The mean reactivity of sera from the C57BL/6 and Balb/c mice sensitized with one of the four peanut extracts varied according to the extract used for adsorption on the plates. The mean reactivity titers of sera plated on CPE-2βME were lower than the remaining plates suggesting that either its adhesion is less effective or that 2βME decreases the immunogenic capacity of this extract as it dissociates disulfide bonds. The latter is supported by the fact that immunizations with this extract also yields lower antibody titers on plates covered with the extracts obtained with other buffers (CPE-BB, CPE-SB and CPE-TB / HCl).
The immunoblotting revealed that the pattern of sera reactivity to the corresponding extract used to sensitize also varies according to the CPE used. Astuti et al found that peanut allergen induced individual specificity patterns, suggesting that it is better to use CPE rather than purified proteins as a tool for diagnosing allergies, since immunodominance may vary due to food processing, absorption and physiology therefore, each individual may be allergic to different allergens of any food [36].
We did not observe differences in the comparison of the mean reactivities of sera from C57BL/6 mice sensitized with one of the four peanut extracts and tested on an ELISA plate adsorbed with the homologous extract. In this lineage although the average reactivity for the peanut was not significantly affected it is possible to observe the great intragroup dispersion with some animals responding more than others. This observation is not the result of possible inter-plate variations because all the sera from a same group were evaluated on the same plate suggesting the interference of biological factors in the response to the peanut by C57BL/6 mice.

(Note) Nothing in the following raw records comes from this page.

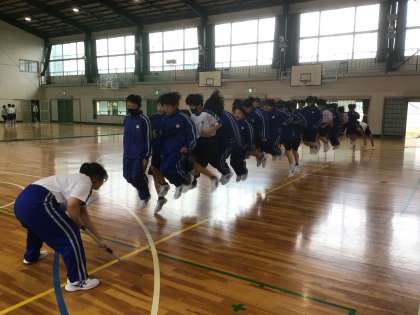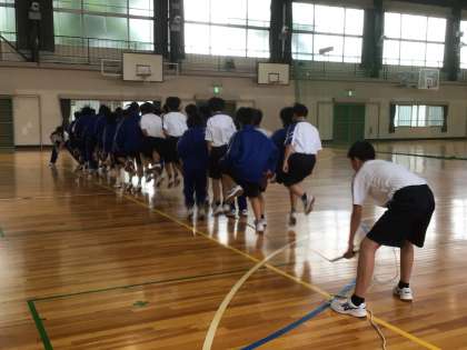 残念ながら外で体育祭の練習ができないので、体育館で練習しました。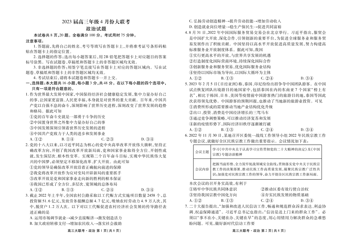 高三政治--广东省衡水金卷2023届高三年级4月份大联考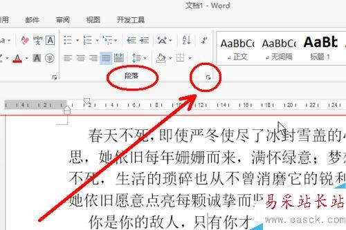 9、方法二:當然我們除了右擊鼠標外還有第二個方法,點擊段落旁邊的箭頭圖標,如圖

This scenario is different for the Balb/c mice sensitized with the peanut extracts. The form of extraction clearly alters the reactivity. CPE-TB/HCl showed the lowest titers. In this lineage only those inoculated with CPE-BB2βME showed a large dispersion in anti-peanut polyisotypic IgG titers. Although CPE-TB/HCl yielded the lowest protein concentration, this fact does not justify the low antibody titers since all the animals were inoculated with 100 μg of antigen independent of the extract, suggesting that genetic factors of the lineage associated with the differentiated immunogenicity of the extracts influenced the observed immune response.